Table 5: Wastewater Analysis
|
|
Paint wastewater quality NERS
|
TS (mg/L)
|
4003 1905
|
TSS (mg/L)
|
2685 705
|
TDS (mg/L)
|
1318 1200
|
pH
|
7.89 7-8
|
|
|
|
TS: Total solid, TDS: Total dissolved solid, TSS: Total suspended solid
3.2 Characterization of GSF and GSC
3.2.1 The Proximate characterization of GSF
Proximate analysis was carried out on the gastropod shell flour (GSF) to determine the proximate compositions such as crude protein, oil content, ash content, bulk density and moisture content using standard methods cited in Table 2. The result of the proximate analysis shows that GSF contains high quantity of crude protein (42 %).

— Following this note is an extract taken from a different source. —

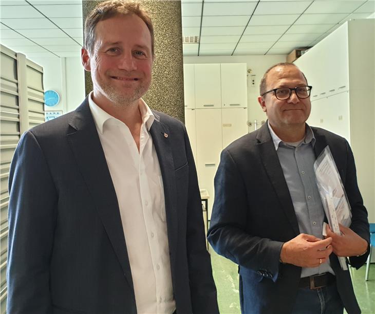 - Assessore Bessone (a sx, con il RUP Stefan Casale): Il nuovo rifugio Petrarca viene realizzato da imprese locali. È importante far lavorare le nostre imprese per rimettere in moto l'economia. (Foto: ASP/Anna Pitarelli) [JPG 54 KB]

Based on the protein content observed, it could be inferred that GSF is an efficient precursor for the extraction of raw protein (conchiolin) that can be used for wastewater treatment. The oil content was found to be 7.4%. Oil content of this percentage (˂10%) would have negligible inhibitory effect on the deprotenization process [16]. The total yield of 86 % was obtained indicating 14 % weight loss which could be attributed to the volatile components present in the GSF sample. The bulk density of 0.33 g/mL indicates that GSF is extremely aeratable. In addition, the ash content of 10 % shows that the flour is rich in minerals while negligible moisture content of 8.6 % was obtained.
3.2.2 Elemental Analysis
Elemental analysis was carried out on both the GSF and the GSC to evaluate their qualitative and quantitative composition. The results obtained are reported in Table 6. From the results, it could be seen that GSF has high content of calcium. Calcium content of 70 % was recorded which supports the claim that GSF contains between 70-98 % calcium [30]. This high calcium content is justified since the animal uses it for body replenishment [30]. High content of oxygen (26.36) in GSF can be traced to the presence of protein in the shell [16]. The presence of carbon (7.47%) is attributed to the carbonaceous nature of GSF. From the elemental characterization of GSC (Table 6), it could be observed that more elements were present (Na, Mg, Al. P, Si, Cl, K) which were not in GSF. The additional elements and the observed 20.7% reduction in calcium content in GSC can be attributed to the effect of GSF reaction with the extraction solution. The oxygen content of both GSF and GSC were observed to be approximately the same (26.36 and 25.94%), indicating that the deproteinization process was effective.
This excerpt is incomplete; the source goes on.